Call me whatever you choose, just don’t call me late for dinner. This is the attitude that I wish I had whenever the debate begins around the semantics of labels in our community. How do you identify: gay, lesbian, the alphabet soup of LGBTQ or the more current inclusive term queer?
The debate began well before I sucked my first dick and no doubt it will rage well after the last shovel of dirt covers my well-used mortal remains. I wish I had the ability to just shrug it off, along with the liberal attitude that if we all fit under the umbrella the bigger the party, the greater the impact.
Something deep within me stirs, indeed rankles when I am called anything but a gay man. When folks start with the LGBTQ name, I count the letters and inevitably, at the end of the alphabetic diatribe, they look at me with doubt as if they had missed a letter or wondered if this year another letter or two had been thrown in and they had not been advised. I do appreciate that LGBTQ is an outreach of inclusion that is very important, but how many more letters will be added in the future?
It is my belief it sort of lost its panache after four letters and is beginning to die a Rapunzelian end. We now appear to be plunk in the middle of the usage of the word queer. The word solves so much of our “what the fuck do we call ourselves” debate: it is inclusive, is great for wordsmiths who are concerned about branding and letterhead and has kind an edgy quality to it that is almost flattering. But I am finding it more and more a total misnomer. I may be queer but so is half the world.
It has been well over 30 years since I began the painful process of coming out, since I realized that the overpowering urge to have sex with other men could no longer be denied or sublimated. Those many years ago I came out as a gay man with all of the life-changing consequences, including losing many of my close friends, alienating most of my family to the point of disinheritance and ending my professional career — all to be able to realize my sexual desires involving other men. I wanted to touch them, taste them, fuck them and love them, and no other part of my comfortable life was worth keeping without satisfying my need to be with other men. This enormous drive, this at times overpowering sexual attraction, defines who I am as a person to this very day. I am a gay man and want to be identified as such.
And queer just does not cut it for many reasons. Let me explain.

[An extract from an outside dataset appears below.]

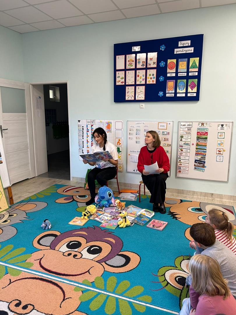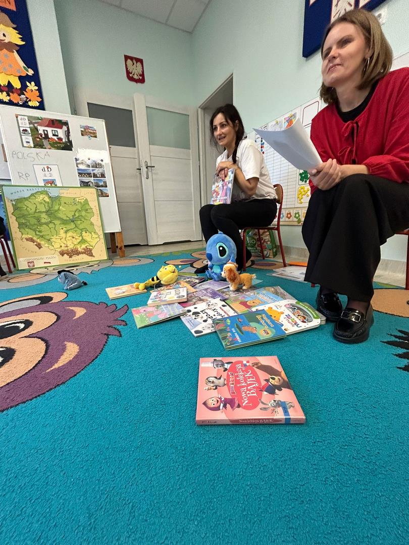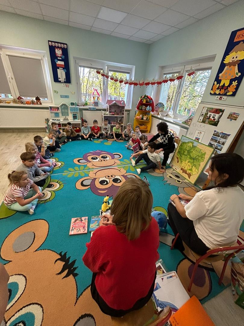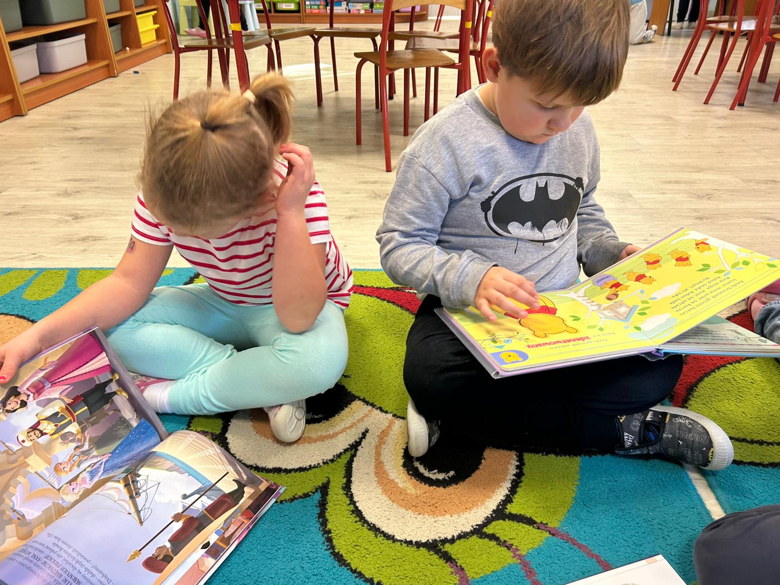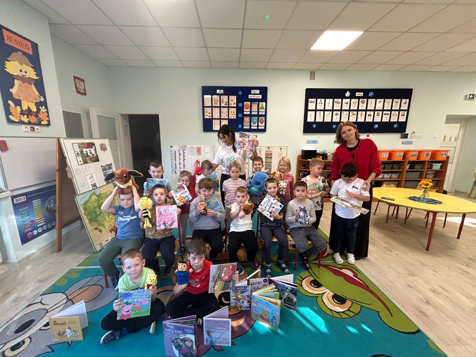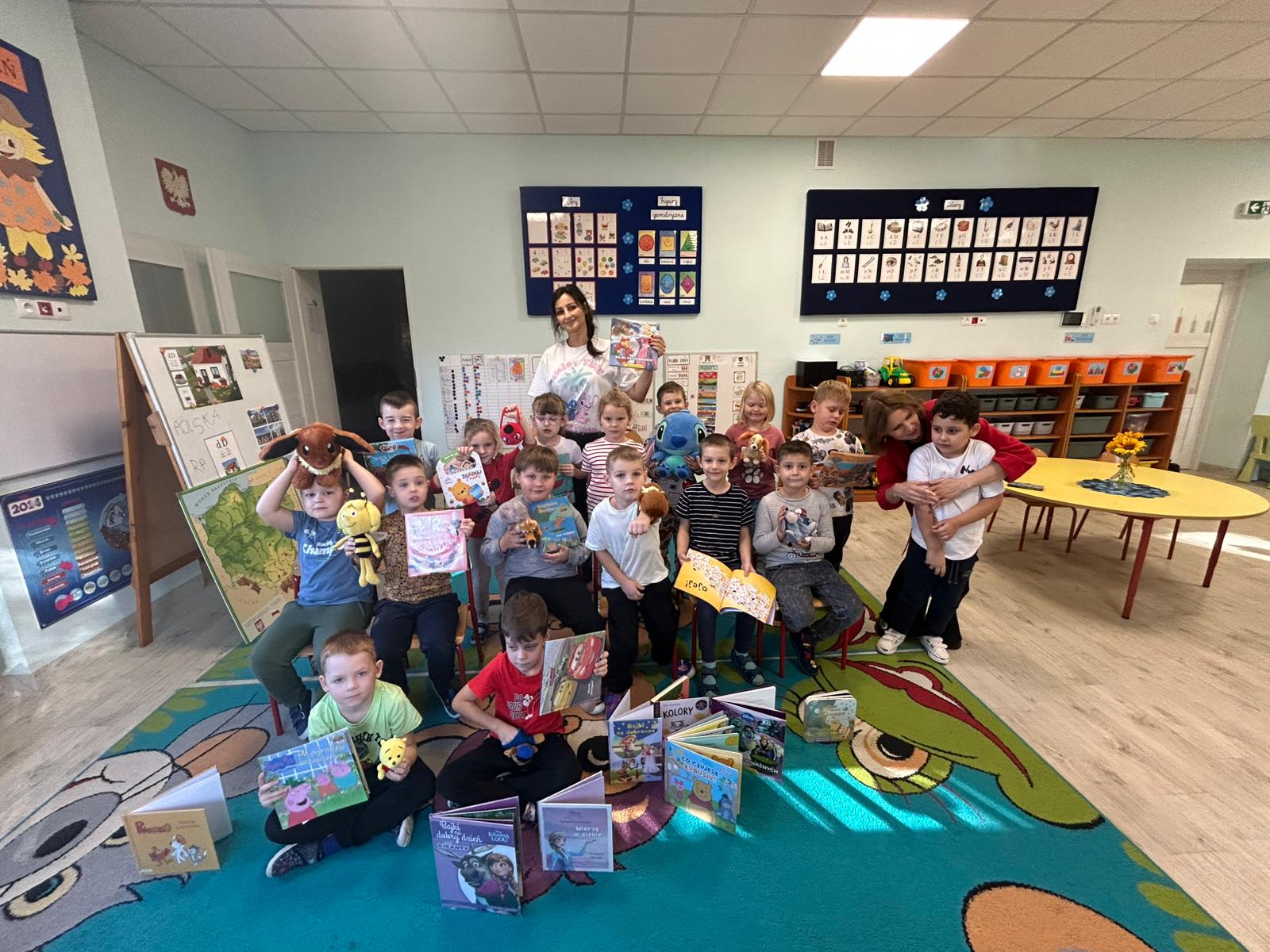 Naszą grupę odwiedziły dziś Panie pracujące w bibliotece. Przygotowały dla dzieci ciekawe zagadki, zabawy oraz rozmowy na temat bajek i ulubionych bohaterów książkowych. Przedszkolaki aktywnie uczestniczyły w spotkaniu, chętnie odpowiadały na pytania i dzieliły się swoimi spostrzeżeniami. Dzieci spędziły miło czas, a wizyta zachęciła je do sięgania po książki i poznawania nowych bajkowych historii.
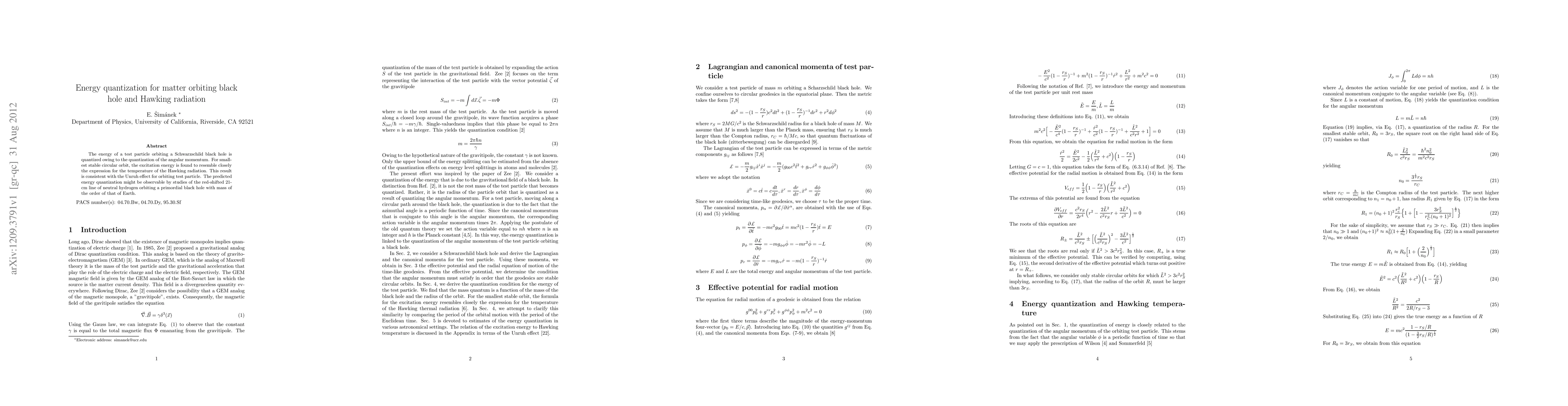 The energy of a test particle orbiting a Schwarzschild black hole is quantized owing to the quantization of the angular momentum. For smallest stable circular orbit, the excitation energy is found to resemble closely the expression for the temperature of the Hawking radiation. This result is consistent with the Unruh effect for orbiting test particle. The predicted energy quantization might be observable by studies of the red-shifted 21-cm line of neutral hydrogen orbiting a primordial black hole with mass of the order of that of Earth.

Our store has a section that that I have come to appreciate and enjoy more each year: our adult toys and accessories department. The adult section of Little Sister’s not only contributes a major portion of the rent but also provides an important resource for individuals and couples who want to explore their sexual fantasies. The ability to tap into our deepest sexual fantasies and harness them into great consensual sex should be the goal of all people interested in keeping their sex life exciting. Talking with customers about where they are sexually and where they would like to go has become one of the more enlightening aspects of my job.
We have been blessed in the last while with a big increase in heterosexual individuals and couples shopping in our adult department. Discussions with them have proved both interesting and enlightening. I have found some of them to be far queerer in their sexual pursuits than most from my own community.
The hot news-flash is that straight folks are exploring the kinky nether regions of sexuality in greater numbers each year. Anal sex is almost de rigueur; many women and, indeed, couples come to the store wanting to access the equipment and the knowledge of our experienced gay staff about anal penetration. It is many a straight couple’s realized fantasy to have the woman throw on a strap-on and thoroughly fuck her man. Fetish has also become a heterosexual mainstay as sexual fantasies are mined and fulfilled.
I suspect the great sexual awakening of the hetero world has been informed by the easy access of porn and information on the ever-present internet. With the click of a mouse all is revealed. The great news is that they have become far queerer than most gay men and lesbians. They are going more places and enjoying themselves in greater numbers in the kinky pursuit of sex than most of us have ever dreamed of. They have out-queered the so-called queer community in leaps and bounds. If we considered ourselves queer 20 years ago, we must take a second look and realize that we have been left in the dust in the pursuit of queer. Some may say that queer is not just about sex, and to them I say that I insist on being defined by my sexual desires and not by some gender identity paradigm.
I am constantly annoyed by people who identify problems but refuse to provide solutions. And yet I suspect there is at present no solution to the debate about “Who the hell are we and what do we call ourselves?” The sometimes conflicting desires to grow and embrace the fringes of our community on the one hand and the need to retain our own identity in this pursuit on the other hand, will probably go on forever. I will hang on to my gay male identity and continue to cringe at the labels that are thrown on my community. Perhaps the debate is more important than the resolution. What do you think?
Jim Deva is the co-owner of Little Sister’s bookstore, best known for fighting censorship by Canada Customs.